Albert Rusnak‘s outstanding season in Major League Soccer has scouts abroad wondering if he’s made a breakthrough.

With intense weeks ahead in World Cup qualifying and MLS, he may not have much time to notice the extra eyes.

[ MORE: Top talents at U-17 World Cup ]

Rusnak, 23, has seven goals and 12 assists for Real Salt Lake this season, and the DP attacking midfielder is in focus Thursday at Hampden Park in Scotland.

The Slovakian star won’t be worried about scouts, largely, as his side looks to clinch at least second place in UEFA World Cup qualifying Group F, but the BBC’s Simon Stone says he’s not likely to MLS for long thanks to interest in England, Germany, and Scotland (at the very least).

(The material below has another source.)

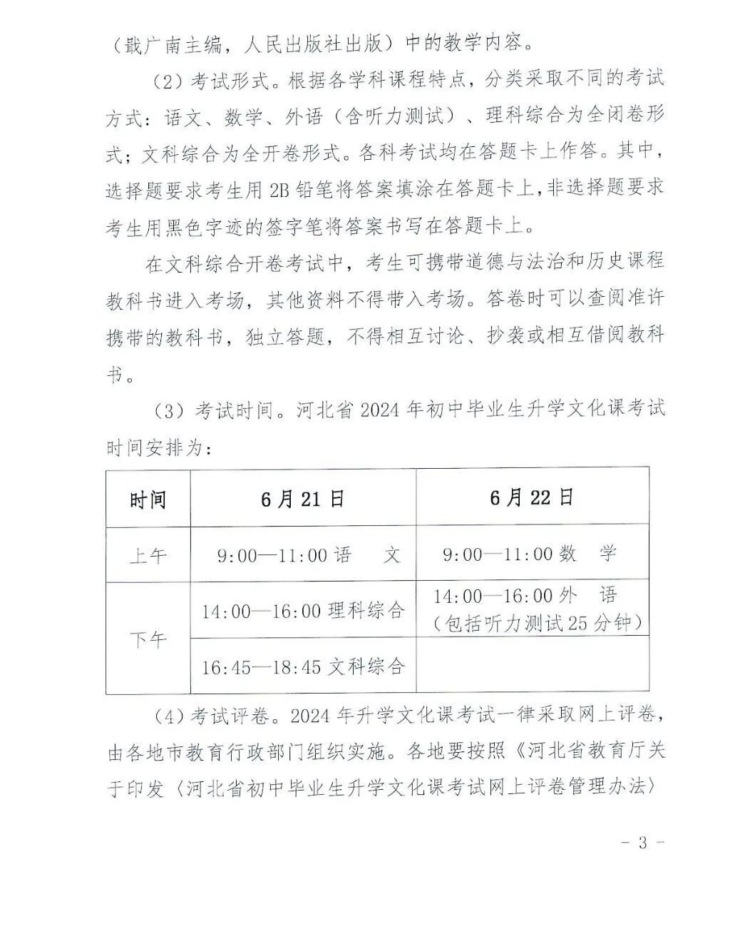 日前,河北省教育厅发布关于做好2024年初中毕业与升学考试工作的通知,通知明确,总分为650分,与去年相比,增加了20分,主要是体育由30分加到了50分,其中过程性考核20分,现场测试30分。文化课总分不变依然是600分,包括语文、数学、外语、理综(包括物理、化学两门学科)、文综(包括道德与法治、历史两门学科)各120分,考试时间安排在6月21日、22日,体育测试于2024年5月底前进行。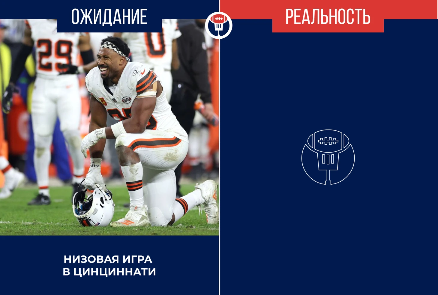 Вместо Флакко на поле выйдет Джефф Дрискел, который вряд ли порадует нас фейерверком результативных действий. Его оппонентом выступит Джейк Браунинг, который приятно удивил в отсутствие Джо Бурроу. И я не предсказываю, что Браунинг превратится в тыкву. Но у «Кливленда» слишком впечатляющая защита, которая наверняка сумеет превратить матч в бодание на линии схватки. В результате ставки на вынос с обеих сторон игра наверняка будет течь быстро и завершится относительно незаметно ниже букмекерского прогноза в 37,5 очков на две команды.

Scouts from clubs in all three countries will watch the 23-year-old in Glasgow before what is likely to be a move away from current Major League Soccer outfit Real Salt Lake in January.

Rusnak was with Manchester City from 2010-15, where his father was a scout. He took loans at Oldham Athletic, Birmingham City, and SC Cambuur before moving to Groningen and then RSL.

He has five caps for Slovakia, which sits five points back of England and a point ahead of Slovenia and Scotland. His RSL side has surged into the Top Six and looks to maintain playoff positioning over the final two matches.